In the Time interview, Salahuddin denied he knew Levinson was attempting to recruit him as a CIA source. He also pushed back against the insinuation that Iranian intelligence services had used him as bait for Levinson.

"The notion that it was some kind of brilliant move on the part of Iranian intelligence is bull---t," Salahuddin told Time. "It was dumb luck. I've been around these guys long enough to know when they're on to something and when they get lucky. And those guys were lucky." In context, Salahuddin's "those guys" refers to security officials connected to Iran's Interior Ministry.

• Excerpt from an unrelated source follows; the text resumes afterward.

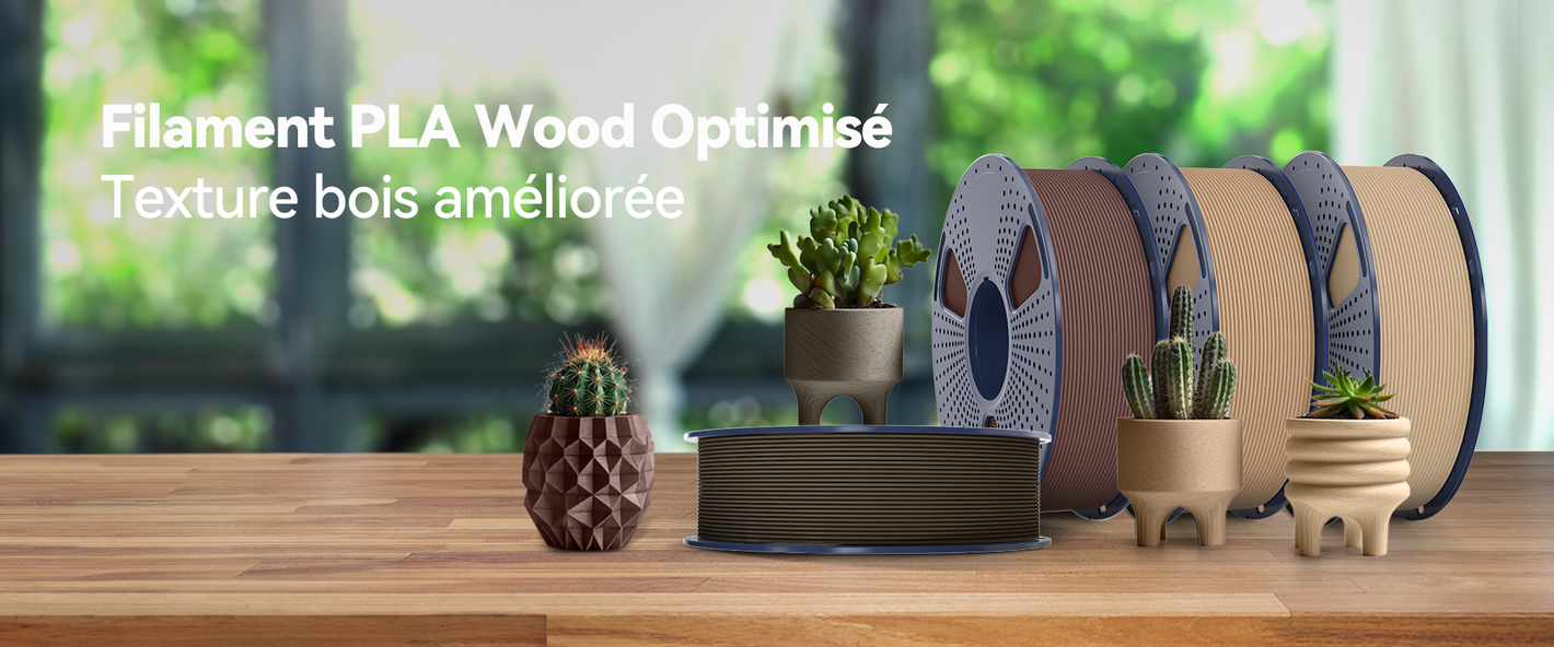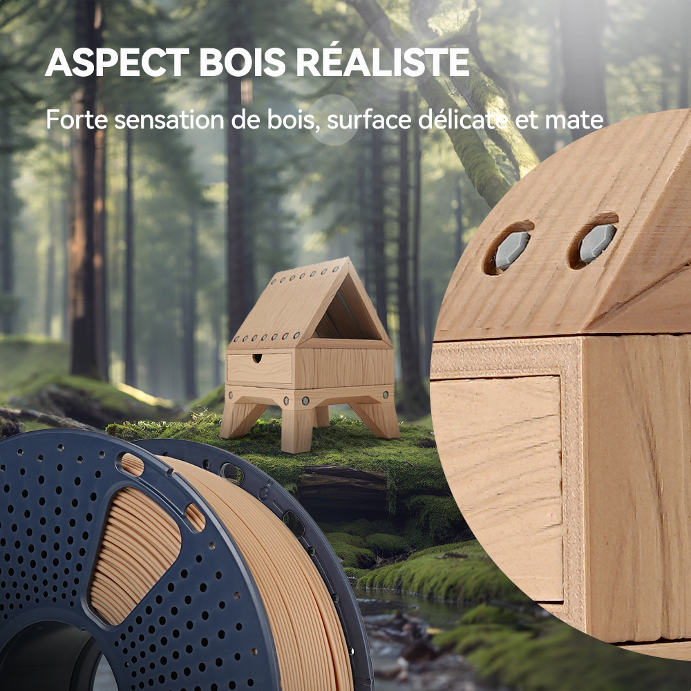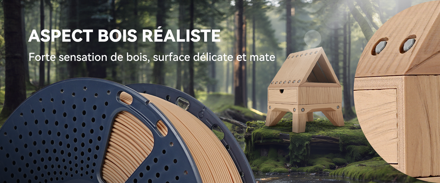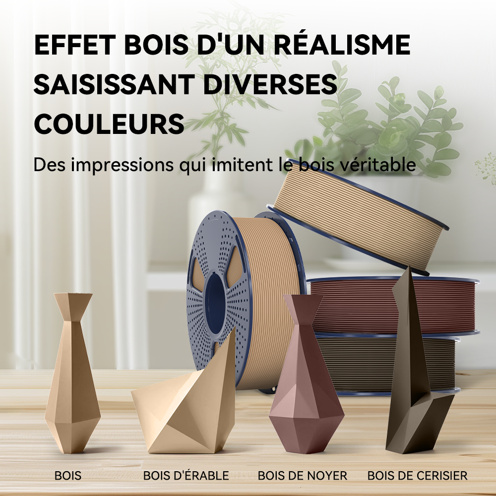 [Texture bois] Découvrez une texture boisée plus prononcée et une impression plus rapide avec le filament PLA bois amélioré.

Salahuddin has plenty of reason not to be entirely truthful about his meeting with Levinson. As Salahuddin told Time, "over the years I have lost a lot of respect for the Iranian system ... It relies on blunt force. Iranians are afraid of their government. The basis of their rule is not love and respect for their rulers, it's fear." He met with Levinson's family in Iran in 2007 and might have been looking for a way out of the country - an objective that would become a lot more complicated if it ever turned out he knowingly lured a US intelligence contractor into a state-sponsored kidnapping.

Regardless of his motives, Salahuddin told Time that he was kept in Interior Ministry custody the night he met Levinson. It's reasonable to assume the Iranian state held Levinson as well, at least at the outset of his captivity.

What exactly happened to Levinson after that? As late as 2012, then-Iranian president Mahmoud Ahmadinejad made what experts interpreted as a "tacit admission" that Levinson was in Iranian state custody. The fact that the Iranian government claims it can no longer account for Levinson's whereabouts suggests that he's either considered too important of a prisoner to release even as a gesture of cooperating or goodwill, or that he was transferred at some point to a paramilitary group with ties to the Iranian regime.

The latter possibility seems the more likely of the two. Shortly after the swap, high-ranking US Middle East diplomat Brett McGurk told PBS that the US suspects Levinson is no longer being held in Iran.

Iran's Supreme Leader Ayatollah Ali Khamenei departs after casting his ballot in the parliamentary election in Tehran March 2, 2012. REUTERS/Caren Firouz

Thomson Reuters

Iran's Supreme Leader Ayatollah Khamenei departs after casting his ballot in the parliamentary election in Tehran

Levinson's disappearance highlights an uncomfortable reality about the nature of the Iranian regime.

The Iranian government is highly factionalized, consisting of a national security and intelligence elite that often acts independently of the country's political leadership.

The relationship between the regime's various centers of power is never entirely clear, and this uncertainty gives the regime's most dangerous elements an alarming degree of freedom. It's not obvious how much control Iran's current president, Hassan Rouhani, has over Qassem Soleimani, the head of Iran's elite special forces unit, the Qods Force. However, it's clear Suleimani has broad ability to aid and coordinate Shiite militia groups throughout Lebanon, Iraq, and Syria.

Iran's boosting of militants and terrorist groups is enabled partly through the regime's compartmentalization. Iran doesn't just have external proxy groups that act as an extension of the regime's policy, or at least the preferred policies of certain regime elements. There are also government-supported paramilitaries acting within the country as well - entities like the Basij militia.

The dangers of the regime's closeness to militia groups was on display when Iran-linked militants in Baghdad kidnapped three American contractors earlier this month.

America's recent nuclear deal with Iran might have built unprecedented degrees of trust and confidence between the countries, reframing and de-escalating their relationship for decades to come. But as Levinson's ordeal and the kidnapping in Baghdad each demonstrate, the thaw hasn't changed the composition of the Iranian regime, or dissuaded it from stopping some of its most provocative behavior.